Vamos a empezar por lo obvio, para despejar las dudas que en el sufrido lector haya podido despertar el título de este texto. La fraquista era sin la menor duda una dictadura, política y religiosa, en la que los disidentes activos tenían muchas posibilidades de acabar en comisaría, en la cárcel o, si tenían mala suerte, en el cementerio. Hubo una multitud del primer caso, muchísimos del segundo y muchos del tercero. Y solo por oponerse. Completamente injustificable y totalmente condenable.
Pero, una vez aclarado lo evidente, hay que señalar que para el común de los mortales españoles, aquellos que no se metían en política y seguían la religión mayoritaria, las cosas pintaban mejor que ahora en los años sesenta y setenta. La economía funcionaba aceptablemente, la clase media podía comprarse un pisito en unos diez años, incluso también un coche, los precios de la cesta de la compra eran muy asequibles, la energía eléctrica era casi gratis y no se pagaba ni IRPF ni IVA. Había delincuencia, sí, pero mínima, y la seguridad se sentía en la calle en todos los sentidos. Y la inmigración era inexistente o casi. Vamos, nada que ver lo que existe hoy.

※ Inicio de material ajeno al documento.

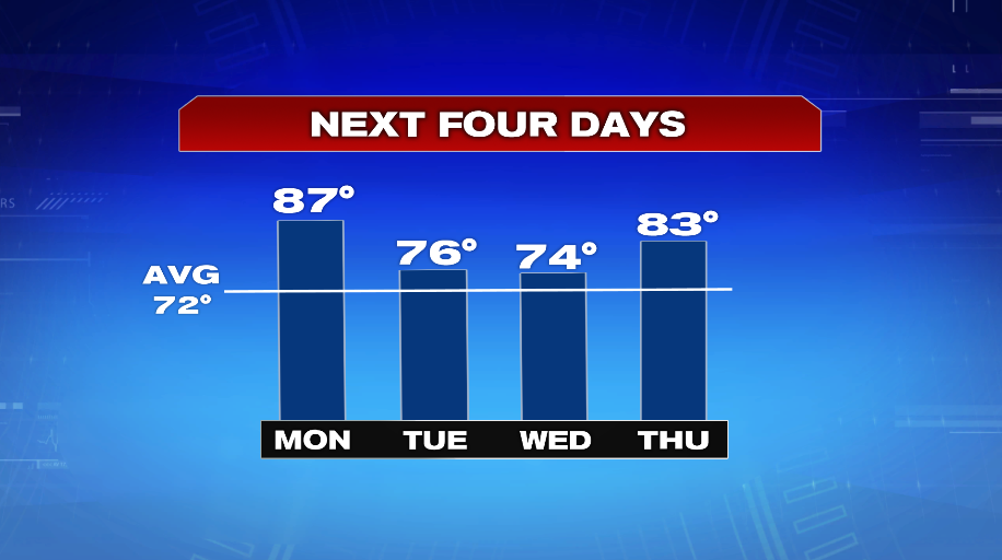 The 70s are back Tuesday and Wednesday, but then we warm back up into the 80s on Thursday.

¿Es una defensa lo anterior de la dictadura? ¿Es una condena de la democracia? Para nada. Pero sí es una condena del sistema que se ha ido desarrollando, poco a poco, en España. Ni los partidos políticos ni mucho menos los votantes han sabido mantener aquellas cosas positivas que existían en el franquismo, a la vez que desechaban, por supuesto, lo malo, que sería la falta de libertad (política, religiosa, sexual). Y por eso las cosas están como están.